▶ _What to do_
The records below are to be reproduced exactly, with the pictures left out.

▶ _Data for processing_
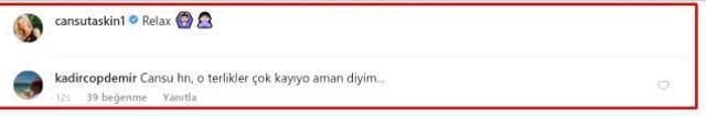 Cansu Taşkın ateşli pozunu paylaşıp altına "Relax" notunu düştü. Oyuncu Kadir Çöpdemir fotoğrafın altına "O terlikler çok kayıyor aman dikkat." diye uyardı
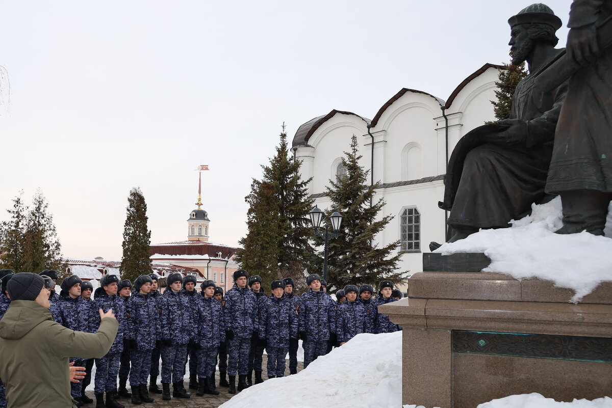 Для военнослужащих, выполняющих задачи по охране общественного порядка и обеспечению общественной безопасности в период проведения в г. Казани международного мультиспортивного турнира «Игры будущего», организовали экскурсии по Казанскому кремлю. Военнослужащие одной из воинских частей Приволжского округа Росгвардии, участвующие в обеспечении безопасности мультиспортивного турнира «Игры будущего» в г. Казани, проходят военную службу по призыву и были призваны из разных регионов России. Знакомство с историей Казанского кремля стало для них увлекательным и познавательным мероприятием. Пройдя через величественные стены древней крепости, экскурсанты погрузились в мир истории, культуры и архитектурного великолепия. Росгвардейцы узнали о тысячелетней Казани и истории создания мечети Кул-Шариф, возведённой к тысячелетию города, с интересом осмотрели здания Пушечного двора, построенного в середине XVIII века для размещения оружейного завода и арсенала. Росгвардейцы посетили Благовещенский собор
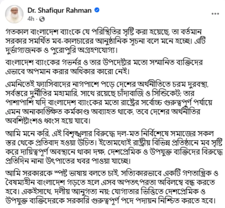 ফেসবুক পোস্টে ডা. শফিকুর রহমান বলেন, গতকাল বাংলাদেশ ব্যাংকে যে পরিস্থিতির সৃষ্টি করা হয়েছে, তা বর্তমান সরকার সমর্থিত মব কালচারের আনুষ্ঠানিক সূচনা বলে মনে হচ্ছে। এটি দুর্ভাগ্যজনক ও পুরোপুরি অগ্রহণযোগ্য। বাংলাদেশ ব্যাংকের গভর্নর ও তার উপদেষ্টার মতো সম্মানিত ব্যক্তিদের এভাবে অপমান করার অধিকার কারো নেই।
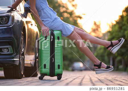 写真素材: Closeup of young woman slim legs resting on suitcase bag beside car. Travelling and vacations concept.
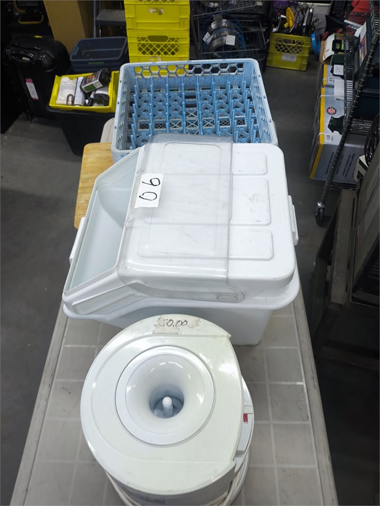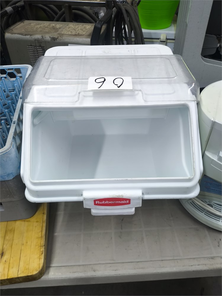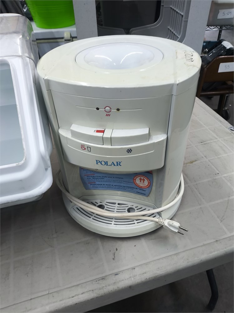 Rubbermaid Dry Goods Storage, (3) Dishwashing racks, (1) Butcher Block, Polar Water Dispenser Model: PWD2635W
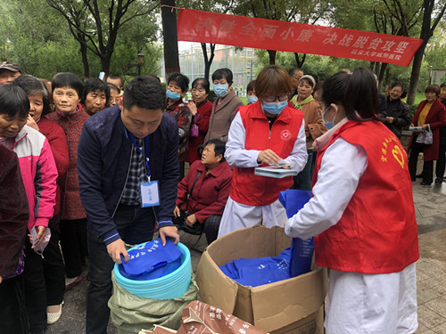 为深入贯彻习近平总书记精准扶贫、精准脱贫战略思想,和在解决“两不愁三保障”突出问题座谈会、在决战决胜脱贫攻坚座谈会以及来陕考察等重要讲话和重要指示精神,认真落实中央、我省、我市关于脱贫攻坚的决策部署,结合我院工作实际,发挥党建引领作用,延安大学咸阳医院联合空港新城北杜卫生院开展以“决胜全面小康 决战脱贫攻坚”为主题的义诊活动。
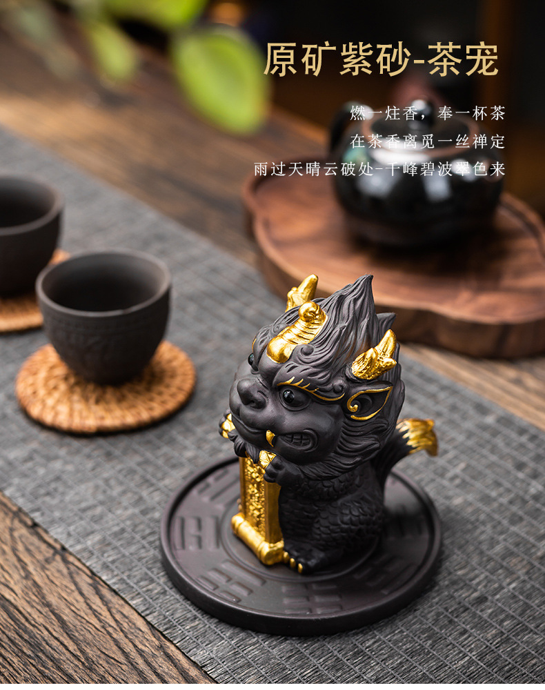 보라색 도자기 Kirin 차 애완 동물 장식 부티크 영양 차 테이블 차 테이블 장식 생선 탱크 풍경 하이 엔드 행운의 차 놀이 차 세트스토어 가기
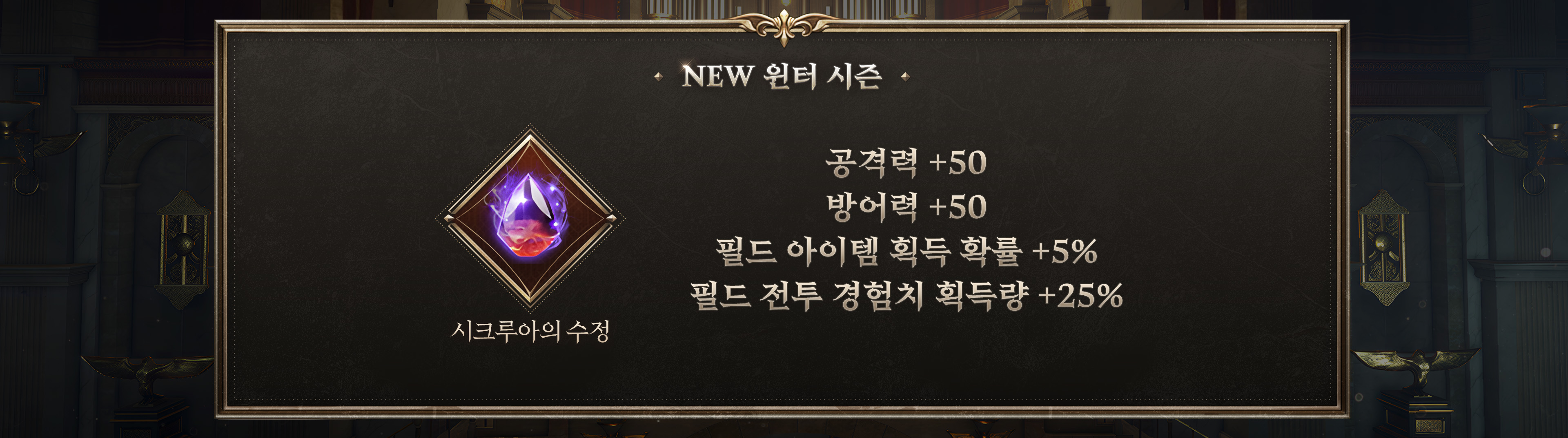 ・시크루아의 수정이 공격력 +50, 방어력+50을 보유한 신화 등급으로 초기화 됩니다.
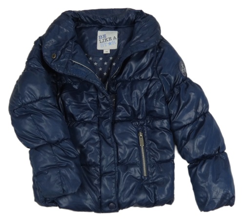 Tmavomodrá prešívaná šušťáková zimná bunda s nášivkou POCOPIANO
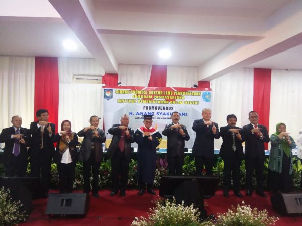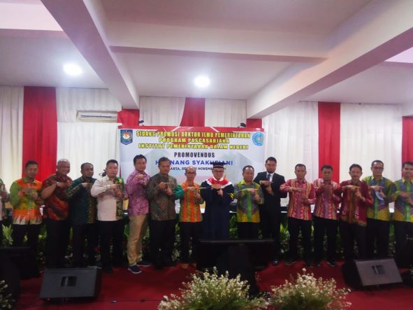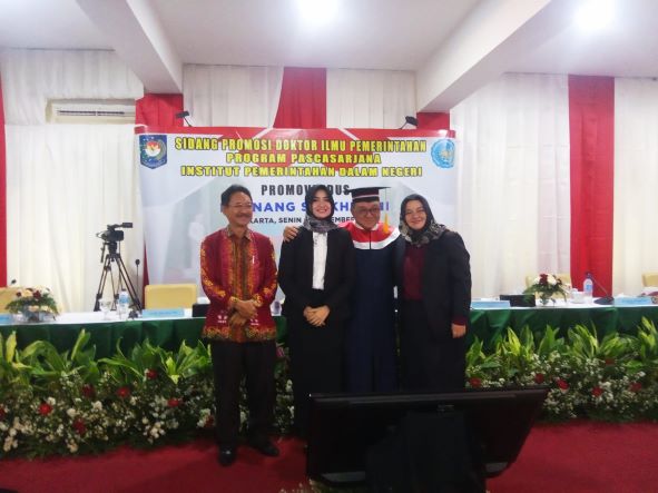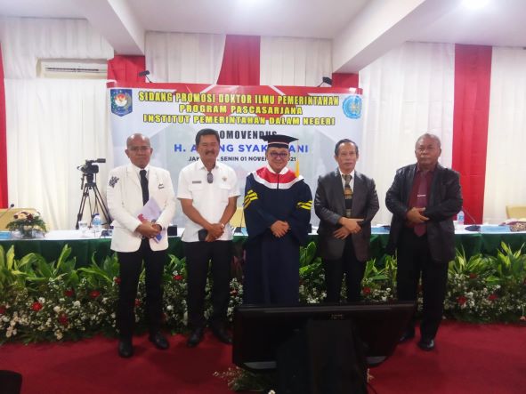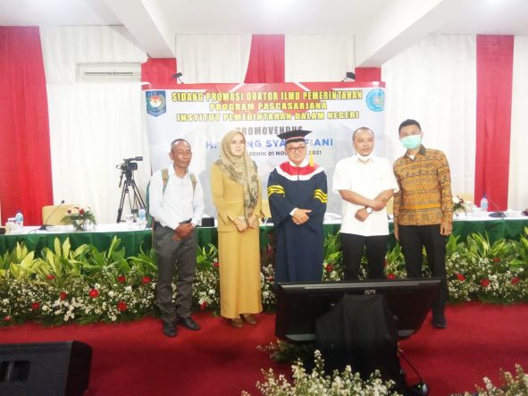 Tim Promotor yang terdiri atas: Prof. Dr. Drs. H. Khasan Effendy, M.Pd., Dr. Sampara Lukman, MA.,Dr. Marja Sinurat, M.Pd. MM. Penguji/Oponen Ahli yang terdiri atas: Dr. Hadi Prabowo, MM. (Rektot IPDN memimpin jalannya sidang)., Prof. Dr. H. Wirman Syafri, M.Si., Prof. Dr. Murtir Jeddawi, SH., M.Si., Prof. Dr. Muh. Ilham, M.Si. (Wakil Direktur Pasca Sarjana)., Dr. Mansyur Achmad, M.Si. (Kaprodi Pasca sarjana)., Dr. Dadang Suwanda, MM., Mak., Ak., CA., Dr. Faria Ruhana, MP., Dr. Ir. Dedeh Maryani, MM.,

▶ _Solution for this problem_
 Cansu Taşkın ateşli pozunu paylaşıp altına "Relax" notunu düştü. Oyuncu Kadir Çöpdemir fotoğrafın altına "O terlikler çok kayıyor aman dikkat." diye uyardı
 Для военнослужащих, выполняющих задачи по охране общественного порядка и обеспечению общественной безопасности в период проведения в г. Казани международного мультиспортивного турнира «Игры будущего», организовали экскурсии по Казанскому кремлю. Военнослужащие одной из воинских частей Приволжского округа Росгвардии, участвующие в обеспечении безопасности мультиспортивного турнира «Игры будущего» в г. Казани, проходят военную службу по призыву и были призваны из разных регионов России. Знакомство с историей Казанского кремля стало для них увлекательным и познавательным мероприятием. Пройдя через величественные стены древней крепости, экскурсанты погрузились в мир истории, культуры и архитектурного великолепия. Росгвардейцы узнали о тысячелетней Казани и истории создания мечети Кул-Шариф, возведённой к тысячелетию города, с интересом осмотрели здания Пушечного двора, построенного в середине XVIII века для размещения оружейного завода и арсенала. Росгвардейцы посетили Благовещенский собор
 ফেসবুক পোস্টে ডা. শফিকুর রহমান বলেন, গতকাল বাংলাদেশ ব্যাংকে যে পরিস্থিতির সৃষ্টি করা হয়েছে, তা বর্তমান সরকার সমর্থিত মব কালচারের আনুষ্ঠানিক সূচনা বলে মনে হচ্ছে। এটি দুর্ভাগ্যজনক ও পুরোপুরি অগ্রহণযোগ্য। বাংলাদেশ ব্যাংকের গভর্নর ও তার উপদেষ্টার মতো সম্মানিত ব্যক্তিদের এভাবে অপমান করার অধিকার কারো নেই।
 写真素材: Closeup of young woman slim legs resting on suitcase bag beside car. Travelling and vacations concept.
 Rubbermaid Dry Goods Storage, (3) Dishwashing racks, (1) Butcher Block, Polar Water Dispenser Model: PWD2635W
 为深入贯彻习近平总书记精准扶贫、精准脱贫战略思想,和在解决“两不愁三保障”突出问题座谈会、在决战决胜脱贫攻坚座谈会以及来陕考察等重要讲话和重要指示精神,认真落实中央、我省、我市关于脱贫攻坚的决策部署,结合我院工作实际,发挥党建引领作用,延安大学咸阳医院联合空港新城北杜卫生院开展以“决胜全面小康 决战脱贫攻坚”为主题的义诊活动。
 보라색 도자기 Kirin 차 애완 동물 장식 부티크 영양 차 테이블 차 테이블 장식 생선 탱크 풍경 하이 엔드 행운의 차 놀이 차 세트스토어 가기
 ・시크루아의 수정이 공격력 +50, 방어력+50을 보유한 신화 등급으로 초기화 됩니다.
 Tmavomodrá prešívaná šušťáková zimná bunda s nášivkou POCOPIANO
 Tim Promotor yang terdiri atas: Prof. Dr. Drs. H. Khasan Effendy, M.Pd., Dr. Sampara Lukman, MA.,Dr. Marja Sinurat, M.Pd. MM. Penguji/Oponen Ahli yang terdiri atas: Dr. Hadi Prabowo, MM. (Rektot IPDN memimpin jalannya sidang)., Prof. Dr. H. Wirman Syafri, M.Si., Prof. Dr. Murtir Jeddawi, SH., M.Si., Prof. Dr. Muh. Ilham, M.Si. (Wakil Direktur Pasca Sarjana)., Dr. Mansyur Achmad, M.Si. (Kaprodi Pasca sarjana)., Dr. Dadang Suwanda, MM., Mak., Ak., CA., Dr. Faria Ruhana, MP., Dr. Ir. Dedeh Maryani, MM.,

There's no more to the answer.